Jeff Castelli (Chief Development Officer)
Yeah, thanks for the question. As we said, enrollment is going extremely well in the phase III study. We're on track for last patient in, which are 286 adult patients by the end of the year. That would mean last patient out two years, which would be end of 2027. That would be the timeline with the top line full two-year data. What was the second part of that question?
Mark Aleynick (Analyst)
What would be clinically relevant and the bar for success?
Jeff Castelli (Chief Development Officer)
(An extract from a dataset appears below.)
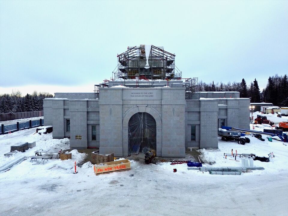The scaffolding and plastic sheeting that stood in front of the entrance to the Anchorage Alaska Temple has been removed, revealing the Holiness to the Lord panel that was installed over the arched entryway. At the southwest corner of the temple, an opening has been left for the cornerstone that will be inscribed with the year that the temple is dedicated. The new temple will replace the original temple that still operates at the southeast corner of the property.

Clinically relevant. One thing we're really excited about is from a powering perspective, with the 286 patients, two years, the study is powered to show small changes in proteinuria, percent changes less than 10% between groups or responder thresholds less than 10%. It comes down to clinical meaningfulness. Frankly, you could make an argument that any improvement in protein is clinically meaningful. I think one of the better ways to show that is through responder analyses. It's well established. If you can get patients below certain thresholds, like below 3 grams per gram or below 1.5 or below 0.7, those really improve the outcomes on progression to end-stage renal disease. I think looking at those responder thresholds will be important at a kind of patient level.
Mark Aleynick (Analyst)
All right. Thank you.
Operator (participant)
One moment for our next question. Our next question comes from the line of Xuan Hui. Your line is now open. Xuan, your line is now open. At this time, I don't see any further questions. This concludes today's conference call. Have a great day.